For a voice conversation to feel natural, responses need to arrive in under 500 milliseconds. That threshold isn't arbitrary—it's the limit of human perception for delay in dialogue. Most "real-time" AI products miss it entirely, landing at 1 to 3 seconds. OpenAI's Advanced Voice Mode doesn't. Getting there required abandoning the standard toolkit for real-time audio: WebRTC.
WebRTC is the browser technology everyone uses for audio and video calls. It's proven, battle-tested, and deeply suboptimal for AI voice. The protocol assumes two humans talking—the algorithm that manages "who speaks next" is designed for human conversation patterns, not the precise, predictable behavior of a language model. When an AI starts talking, the standard WebRTC pipeline chokes: it misinterprets the AI's audio as echo, applies aggressive noise suppression that mangles the response, and makes call quality erratic. Most developers accept these constraints and patch around them. OpenAI took a different approach.

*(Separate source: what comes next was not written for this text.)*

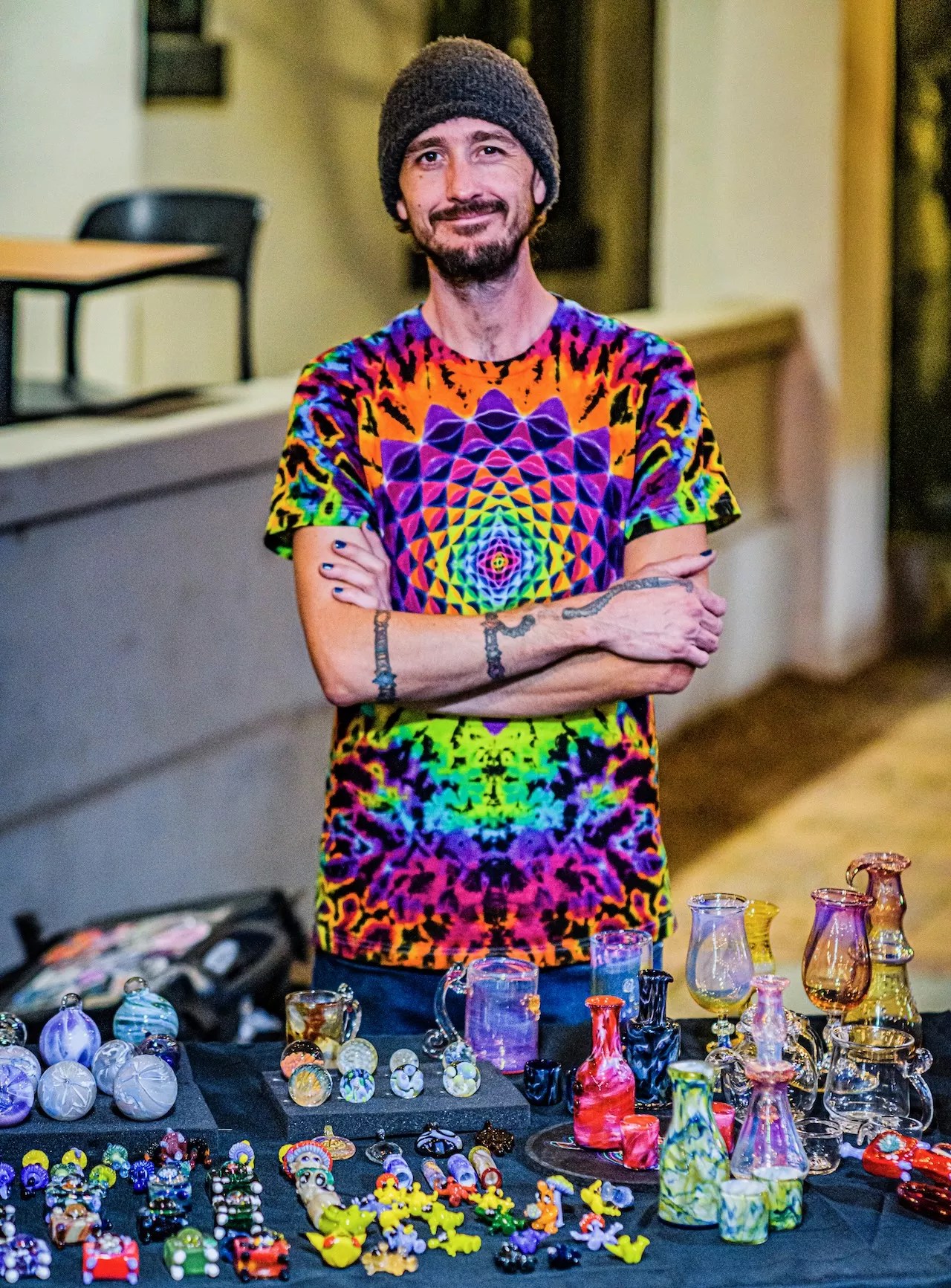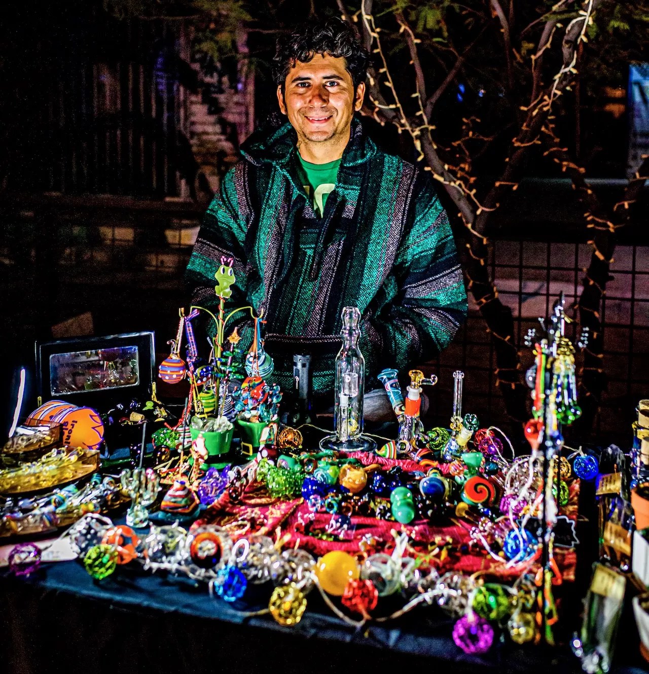 Luis Campos of Ironik Glass poses with his glasswork for sale.
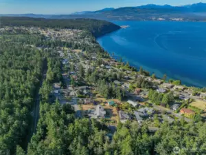 Enjoy coastal living in this Cape George Colony home, offering one-level living and beautiful water and mountain views. Known for its stunning sunsets, the home is filled with natural light, with many rooms and outdoor spaces designed to take in the surrounding scenery. The main living area features vaulted ceilings, wide-plank hickory floors, a wood stove, and a built-in window seat. The kitchen includes soapstone countertops, a propane cooktop, and a spacious walk-in pantry. The primary suite offers cedar-lined closets, and both bathrooms feature heated tile floors. Additional highlights include a heated 2-car garage, ideal for storage or workspace. Cape George amenities include marina access, indoor pool and spa, fitness center, clubhouse, and pickleball courts. This home is being sold As IS. The price reflects a soon to be needed septic system replacement, offering a great opportunity to bring your vision and build equity in a highly desirable coastal community.

The company rebuilt its WebRTC stack from scratch. Not modified—rebuilt. This meant custom voice activity detection to know when a user has finished speaking, custom server-side audio processing to recognize its own generated audio, and custom jitter buffers that maintain sub-500ms latency without sacrificing quality. The result required infrastructure investment across 12 global regions, proprietary network traversal, and real-time protocol optimization that WebRTC's open-source roots never anticipated.
The payoff is a voice assistant that doesn't feel like one. Natural speech patterns work: you can interrupt, speak over responses, change your mind mid-sentence. The system handles all of it seamlessly because it was designed from the ground up for human conversation, not bolted onto a protocol built for human-to-human calls.
This is the choice other AI companies will have to make eventually. Patch around WebRTC's limitations and ship something that works—or invest in the engineering complexity that makes voice AI actually feel natural. OpenAI chose the latter. Whether users will notice the difference remains to be seen, but the technical foundation for genuinely conversational AI now exists.